Lo scontrino di Riccione: cosa nasconde lo sputo nel piatto

2026/08/23

Categories: food-cooking

La notizia dello scontrino di Riccione e dello sputo nel piatto è di quelle che meritano di essere osservate per ciò che raccontano. La ricostruzione riferisce di una comanda finita per errore sul tavolo di una famiglia, con una frase gravemente offensiva e l’invito a manomettere le uova ordinate. Il proprietario del Victor Lab, Luciano Colono, ha spiegato che un dipendente di 17 anni, assunto da poche settimane, ha commesso un errore imperdonabile e ha diffuso le proprie scuse con un video. E ha spiegato a Repubblica che la cucina è a vista quindi un’azione del genere sarebbe impossibile. La famiglia, comunque, ha contestato la ricostruzione anche con l’intervista di Maria Clara al Corriere.

Il punto interessante è un altro. Perché anche se domani scoprissimo che quella storia è stata raccontata male, che la frase è stata fraintesa o che dietro quella comanda c’è una dinamica diversa da quella ricostruita, rimarrebbe intatta una domanda che la ristorazione dovrebbe avere il coraggio di porsi: siamo sicuri che il problema di chi non vuole più lavorare nei ristoranti sia soltanto lo stipendio, gli orari, la fatica e la stagionalità? O c’è anche un problema che riguarda il rapporto con il cliente?

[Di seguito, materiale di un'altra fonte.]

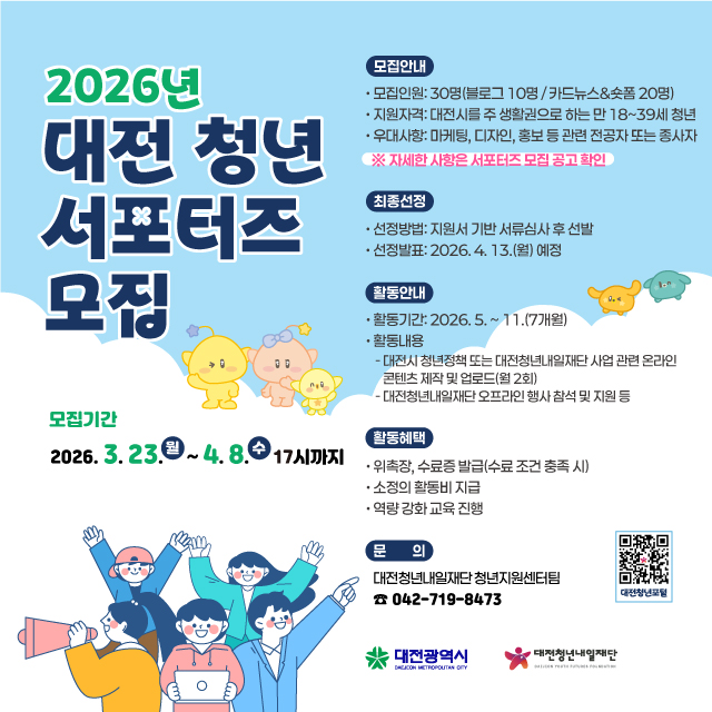 | (재)대전청년내일재단 「2026년 대전 청년 서포터즈」모집 | ||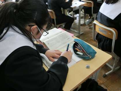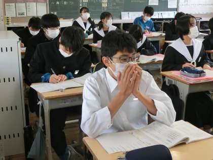 平家物語の冒頭部分「祇園精舎の鐘の声〜」について、「○○調のリズムに慣れよう」をテーマに音読の練習が行われていました。
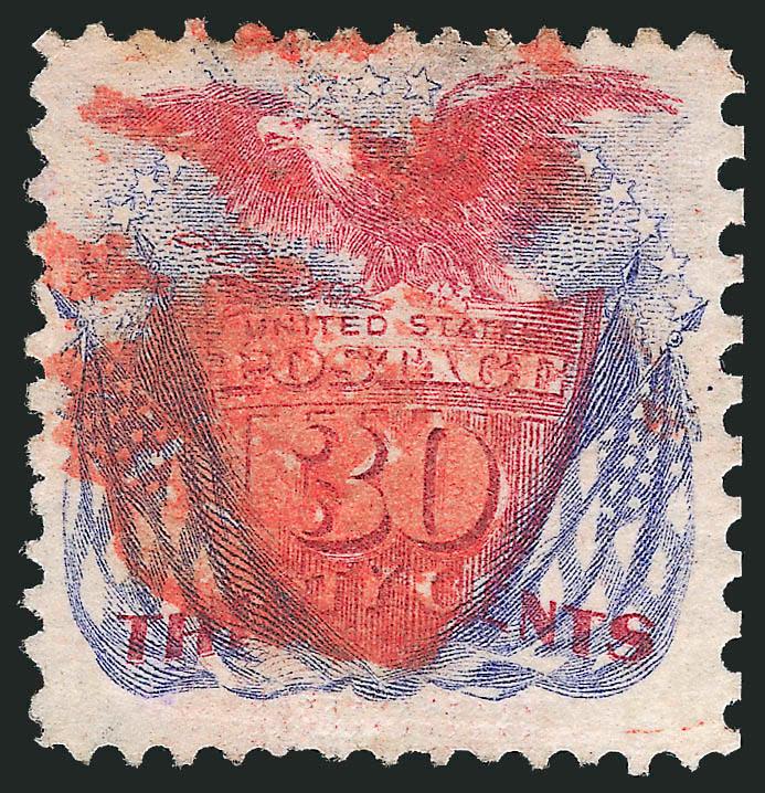 995   1869 Issue Used Balance (112-122). Large balance on stock pages, more than 90 stamps, largely collected as a cancellation study with an emphasis on colored cancels, incl. Nos. 112 -- six, 113 -- 15 singles and block of four, one with captured imprint, one with double perfs, 114 -- 22 incl. blue cancels, 115 -- 15 incl. blue and red cancels, 116 -- 11 incl. "Hiogo" Japan cancel, two with Baltimore foreign mail red dot cancels, also red and blue targets, 117 -- 18 incl. red and blue cancels, 118 -- three, 119 -- eight incl. two red, two blue and one magenta cancel, 120 -- one with red cancel, 121 -- three, one red cancel, one blue circular datestamp, 122 -- two, also two 2c covers (one a mixed franking with 1c), generally mixed condition, but appear Fine with attractive strikes, five certificates accompany, Scott Retail with premiums for the colored cancels approx. $27,000.00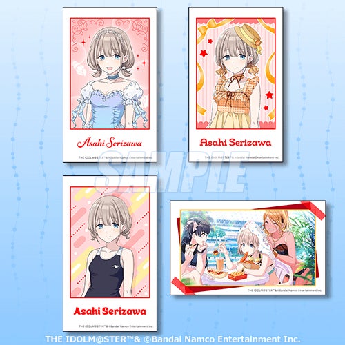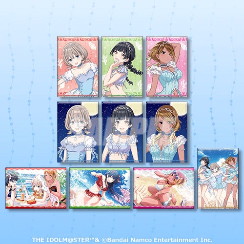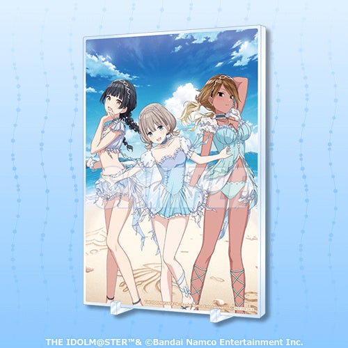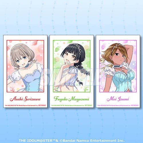商品は水着衣装に身を包み、ユニット別スタイルブックの表紙にもなった「芹沢あさひ」「黛 冬優子」「和泉愛依」の特大タペストリーやアクリルスタンドのほか、バッグの中身ページで紹介されたアイドルたちが持ち歩いている愛用品のイラストを使用した3個セットのアクリルミニチャーム、ゲーム内で使用された歴代の水着イラストやカードイラストを使用したミニブロマイドセットやスクエア缶バッジ等、オリジナルグッズを多数展開しております。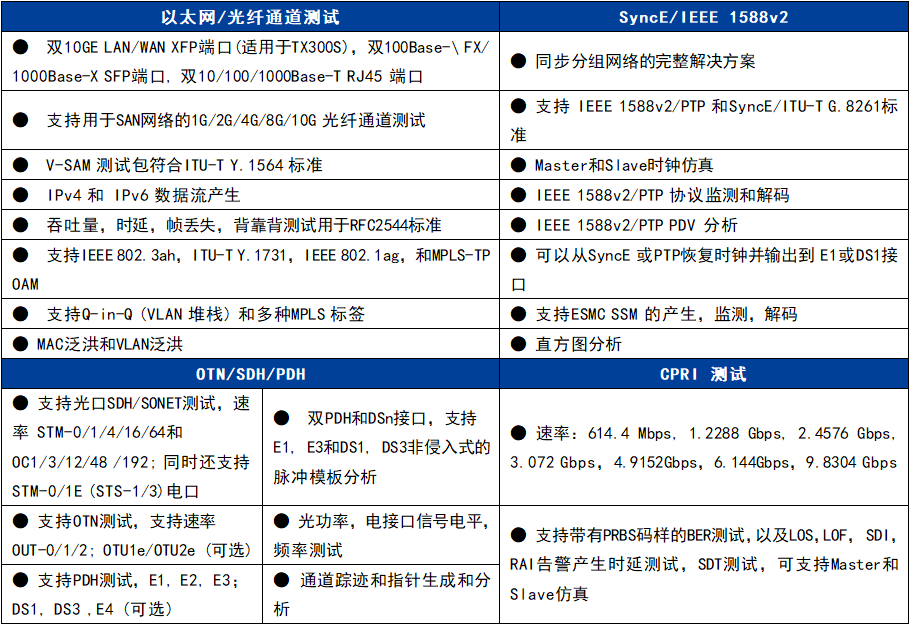 TX300S是(shi)一款便攜式(shì)OTN/SDH/SONET/PDH/DSn以太網和同(tóng)步分組網絡(luò)測試儀,全面(mian)滿足傳統功(gōng)能測試的同(tóng)時,還可以支(zhi)持基于移動(dong)回程技術的(de)SyncE,1588PTPv2,電信級以太(tài)網和CPRI測試功(gōng)能。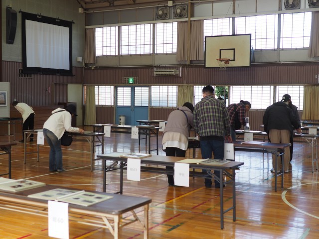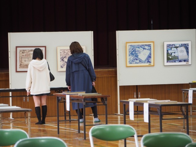 同時に、開校50周年を記念して、体育館で「思い出の写真展」を開催しました。これまでの50年間の航空写真のパネルや、懐かしい行事写真のアルバムなどを皆様にご覧いただきました。たくさんの方が足を止め、写真を見ながら「あの時は...」と懐かしそうにお話される姿が印象的でした。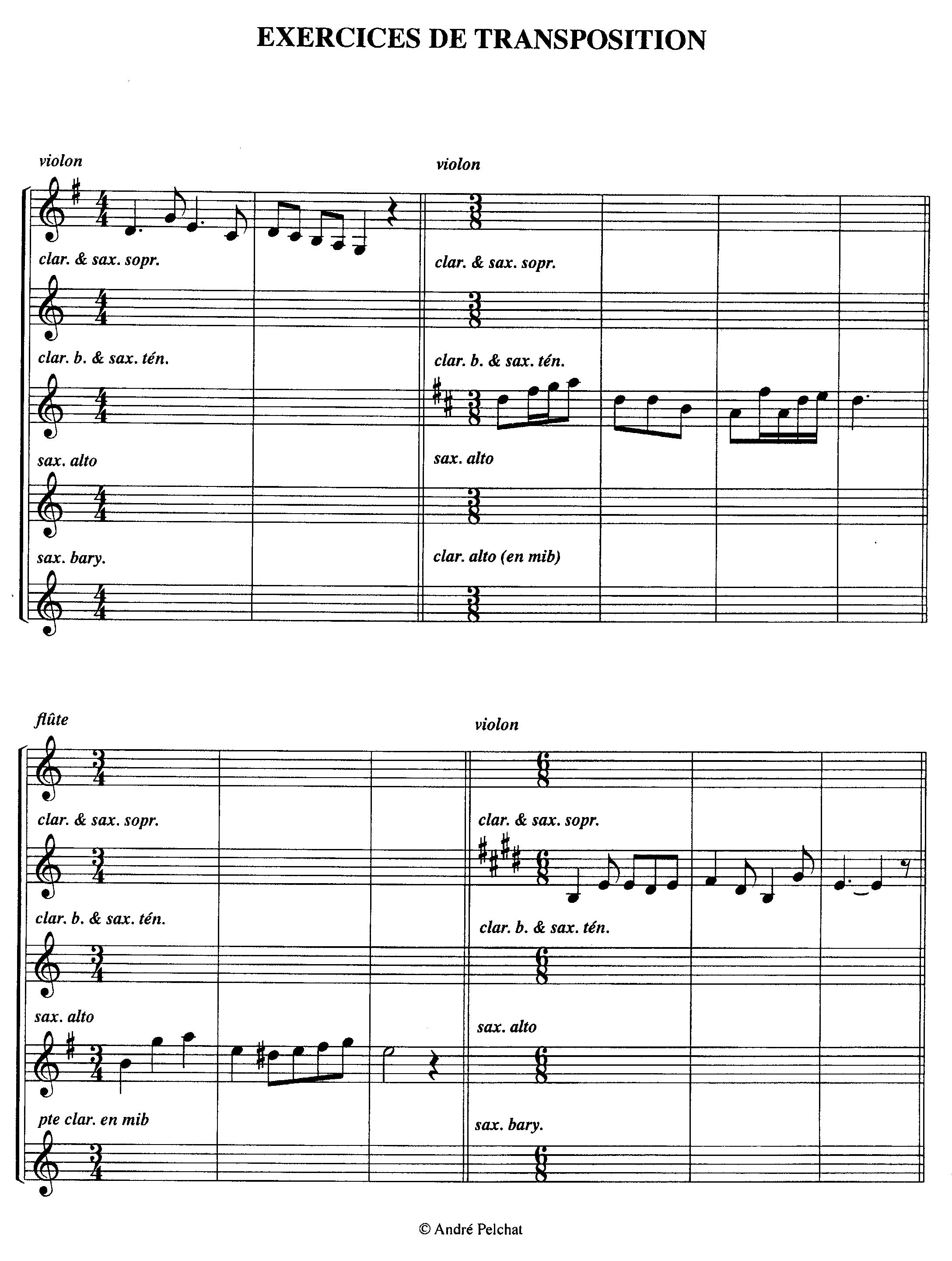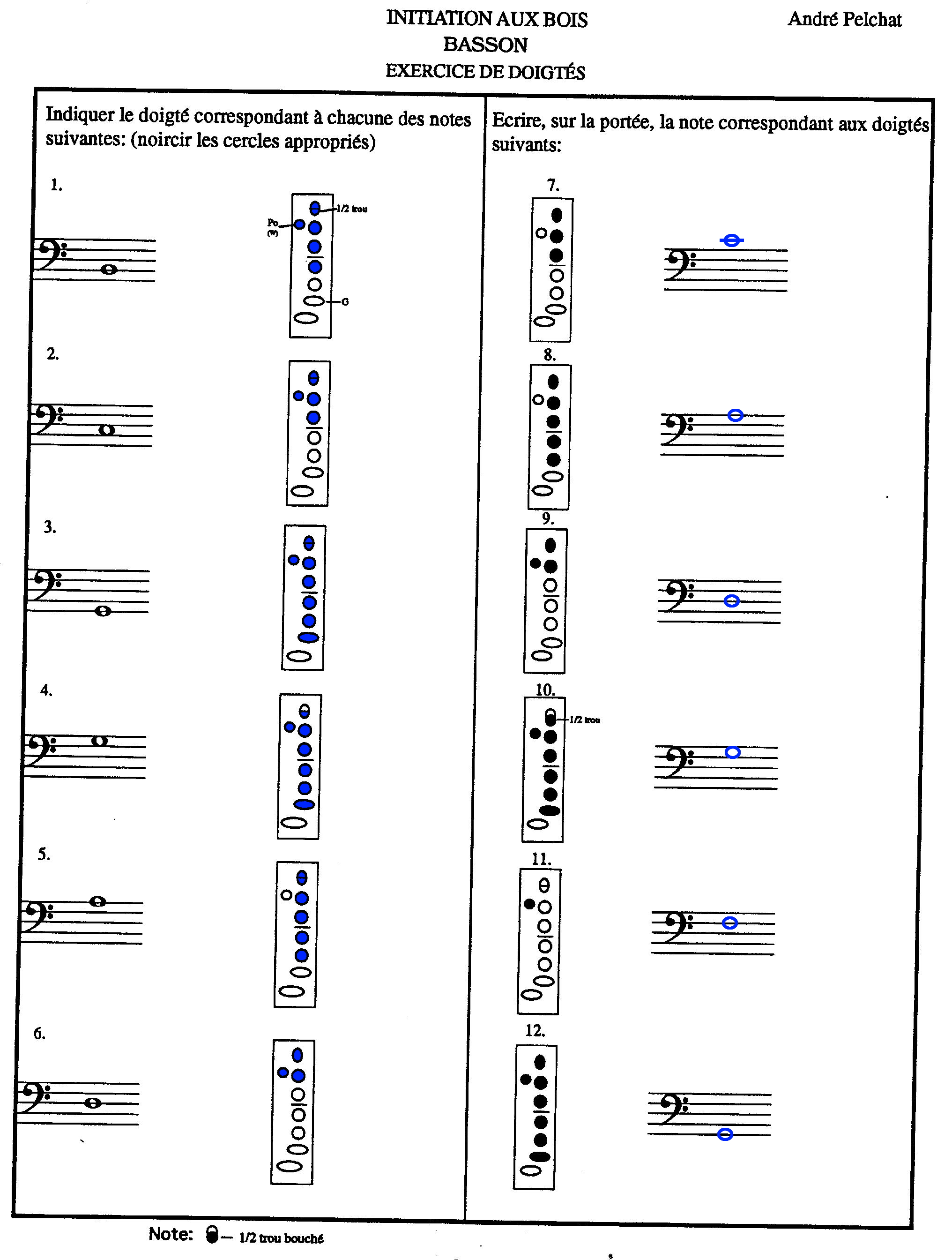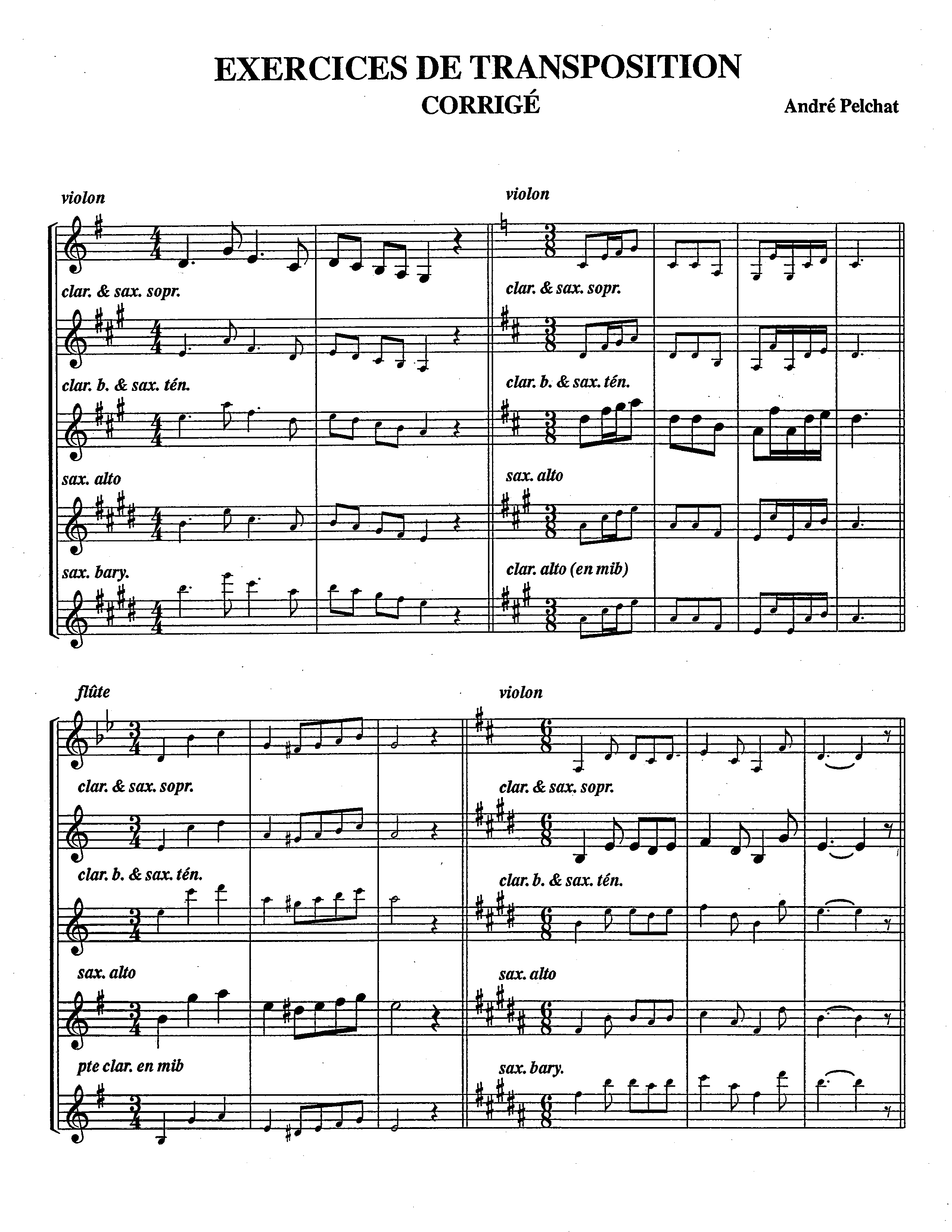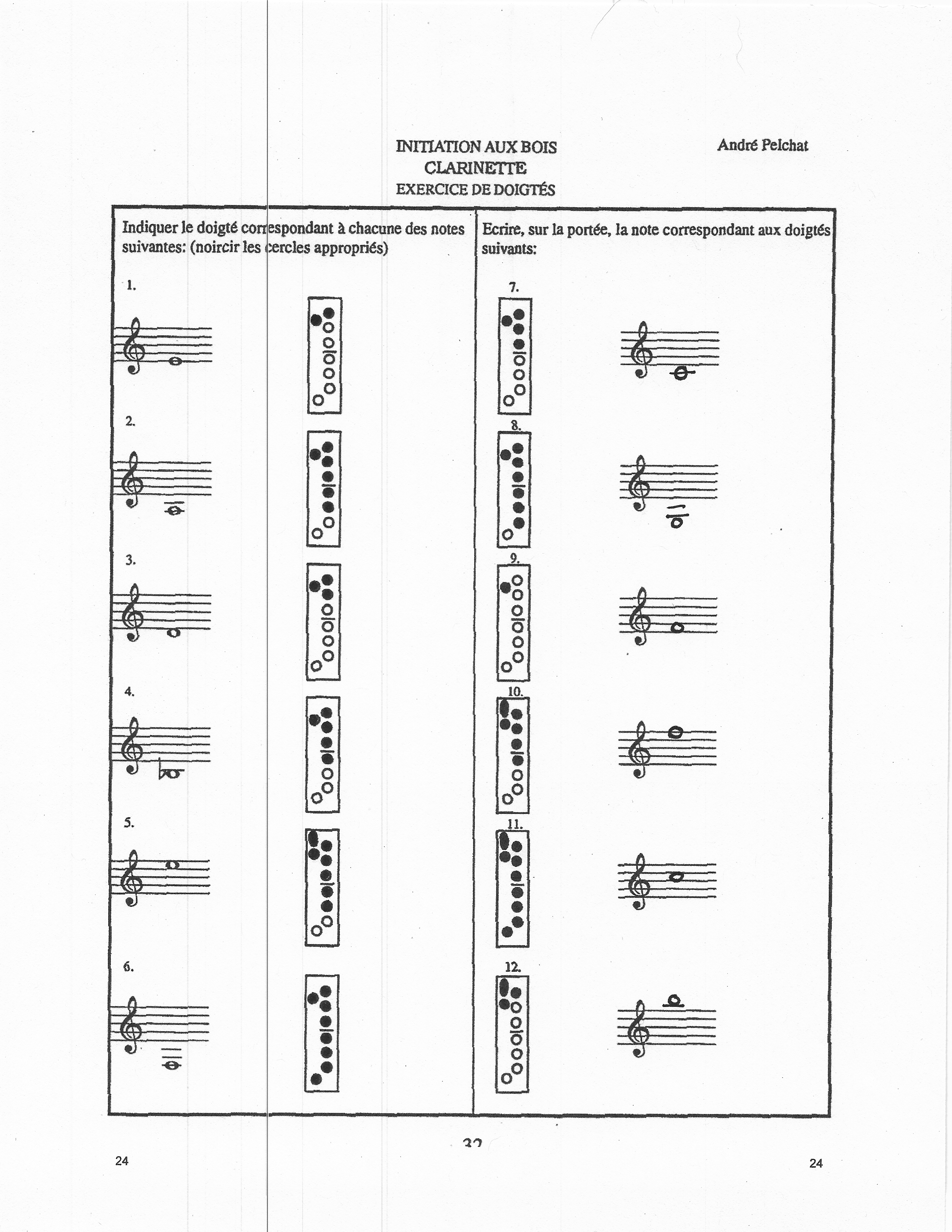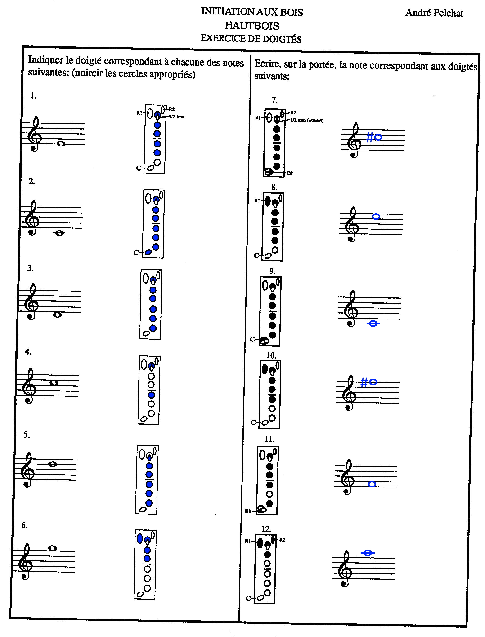 - Devoirs de doigtés (par André Pelchat) : clarinette, saxophone, flute, hautbois, basson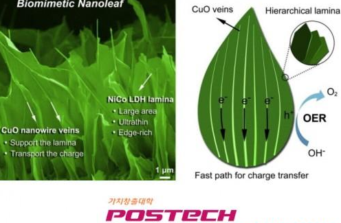 该团队专注于光合作用,通过高效地将水分和营养物质输送到叶脉,并开发出模仿天然叶子优点的纳米叶。它是由“层状双氢氧化物(LDH)”合成的,它模仿了在“CuO纳米线”上引发光合作用的叶体结构,而“CuO纳米线”是模仿叶片静脉输送水分和营养物质的结构。纳米油催化剂利用叶体较大的表面积即LDH板结构促进产氧反应,通过叶丝纳米线快速输送电荷,大大提高了产氧效率。此外,它看起来稳定灵活,因此具有很高的实用价值。
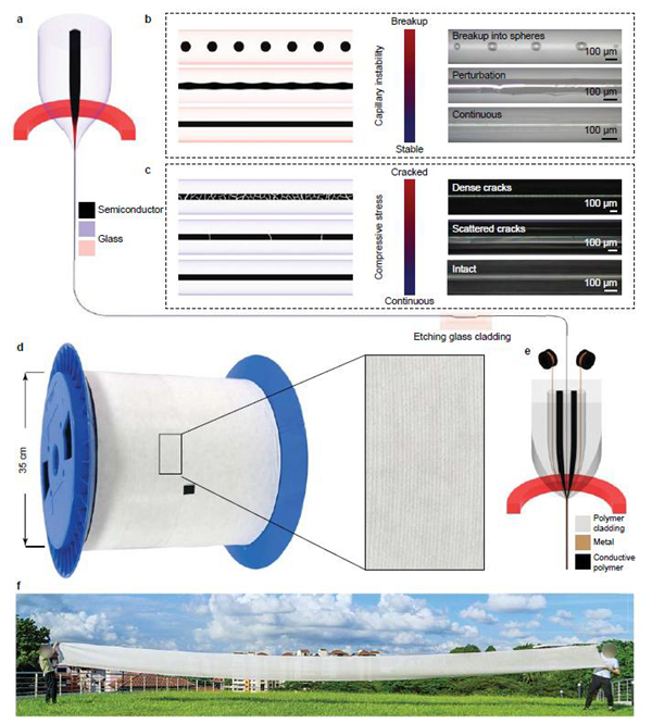 纖維技術(shù)的最新突破將具有緊密界面的功能材料在一維限域空間內(nèi)實現(xiàn)精準(zhǔn)組裝。由于半導(dǎo)體是控制器件性能的關(guān)鍵組件,因此纖維內(nèi)部半導(dǎo)體的選擇、控制和工程化是實現(xiàn)高性能功能纖維的關(guān)鍵途徑。由于加工溫度低和流體行為可控,玻璃狀半導(dǎo)體通常用于熱拉光纖。然而,與電子領(lǐng)域最廣泛使用的晶體半導(dǎo)體(例如硅和鍺)相比,它們不可避免的高密度電子缺陷導(dǎo)致所制造的纖維的電性能較差。因此,晶體半導(dǎo)體的使用更有利于從根本上推動功能纖維的進一步發(fā)展。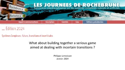 What about building together a serious game aimed at dealing with incertain transitions ? Lemoisson Philippe. 2024. . s.l. : s.n., 39 p. Les journées de Rochebrune / Systèmes complexes : futurs, transitions et incertitudes, Arles, France, 22 Janvier 2024/26 Janvier 2024.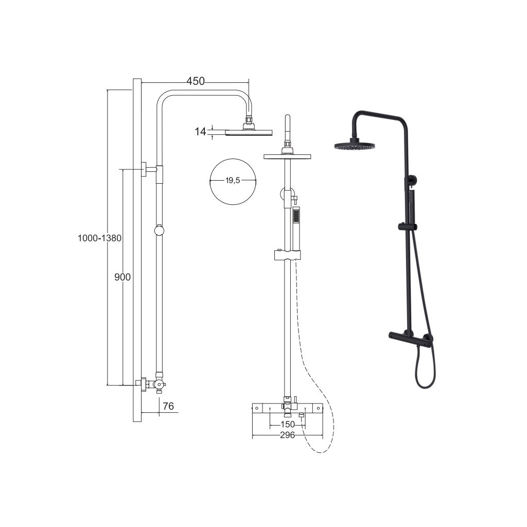Rozsah nastavení hlavové sprchy od 1000 do 1380 mm.

Forse non è più soltanto un problema di lavoro

lavoro nel ristorante, scontrino e sputo

Da anni raccontiamo la crisi del personale nella ristorazione quasi esclusivamente dal punto di vista di chi sta dietro il bancone o davanti ai fornelli. Si parla di turni massacranti, di stipendi che spesso non compensano la fatica, di lavoro festivo, di stagionalità, di giovani che non vogliono sacrificare la propria vita privata per un mestiere che chiede disponibilità quasi totale. Sono problemi reali e sarebbe assurdo negarli.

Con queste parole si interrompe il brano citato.